## Input for this task
--- START ---
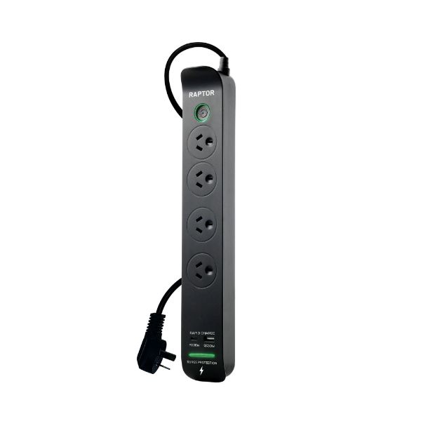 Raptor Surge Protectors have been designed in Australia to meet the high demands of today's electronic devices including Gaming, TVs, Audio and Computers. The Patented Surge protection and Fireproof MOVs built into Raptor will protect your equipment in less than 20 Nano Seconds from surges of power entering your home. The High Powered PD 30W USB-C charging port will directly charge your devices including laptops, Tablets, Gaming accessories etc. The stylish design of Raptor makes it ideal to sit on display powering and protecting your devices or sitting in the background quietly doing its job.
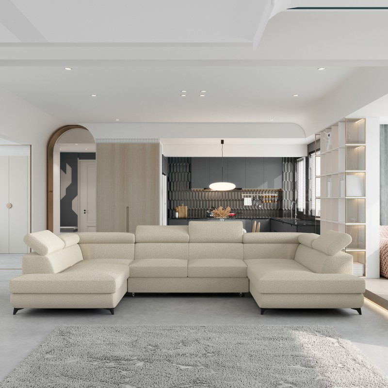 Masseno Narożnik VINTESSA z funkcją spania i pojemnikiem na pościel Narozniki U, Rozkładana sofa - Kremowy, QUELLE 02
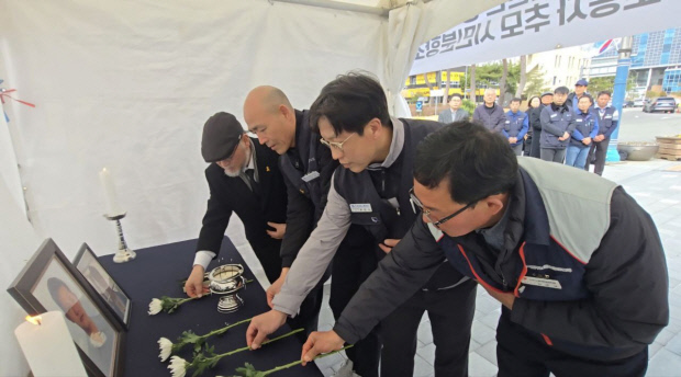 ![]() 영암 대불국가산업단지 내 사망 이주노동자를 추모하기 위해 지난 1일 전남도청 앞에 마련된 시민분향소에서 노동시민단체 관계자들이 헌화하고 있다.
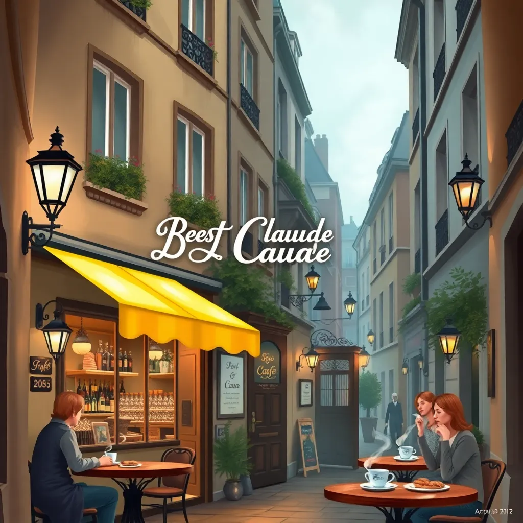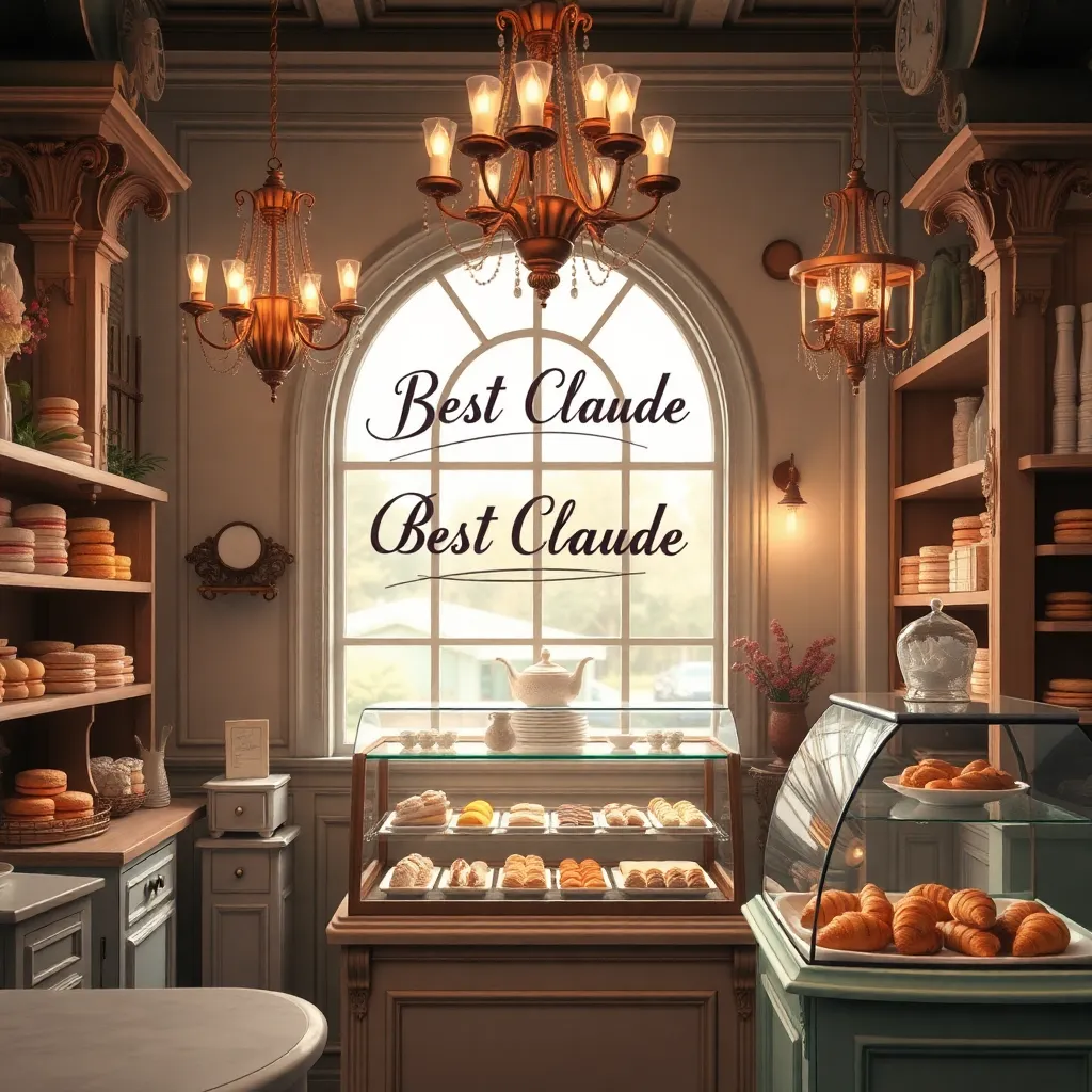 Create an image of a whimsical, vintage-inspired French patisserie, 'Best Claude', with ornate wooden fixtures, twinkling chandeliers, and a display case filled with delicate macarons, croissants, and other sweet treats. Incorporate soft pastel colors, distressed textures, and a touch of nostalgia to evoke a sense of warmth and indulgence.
--- END ---
--- START ---
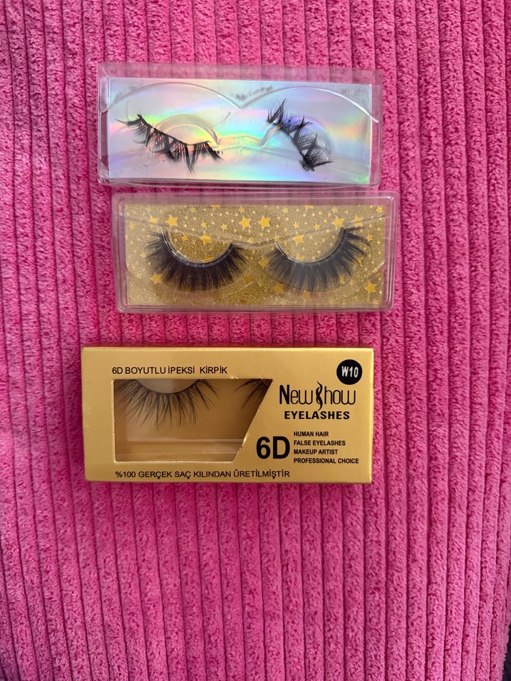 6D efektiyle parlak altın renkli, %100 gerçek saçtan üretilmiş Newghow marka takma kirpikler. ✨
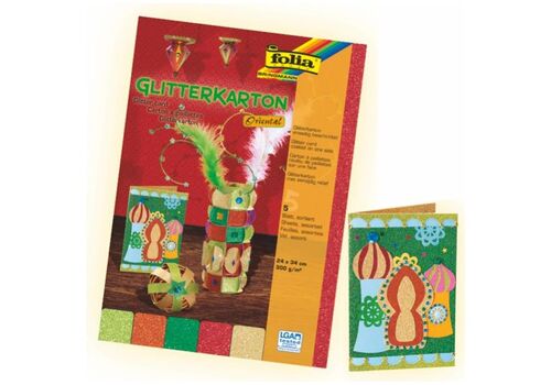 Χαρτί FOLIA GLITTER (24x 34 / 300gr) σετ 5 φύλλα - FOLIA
--- END ---
## Your assignment
In the listing above, find the line containing "Masseno Narożnik VINTESSA" and the line containing "Create an image". Print those two lines and every line between them exactly, with no pictures.

## Answer
 Masseno Narożnik VINTESSA z funkcją spania i pojemnikiem na pościel Narozniki U, Rozkładana sofa - Kremowy, QUELLE 02
 ![]() 영암 대불국가산업단지 내 사망 이주노동자를 추모하기 위해 지난 1일 전남도청 앞에 마련된 시민분향소에서 노동시민단체 관계자들이 헌화하고 있다.
 Create an image of a whimsical, vintage-inspired French patisserie, 'Best Claude', with ornate wooden fixtures, twinkling chandeliers, and a display case filled with delicate macarons, croissants, and other sweet treats. Incorporate soft pastel colors, distressed textures, and a touch of nostalgia to evoke a sense of warmth and indulgence.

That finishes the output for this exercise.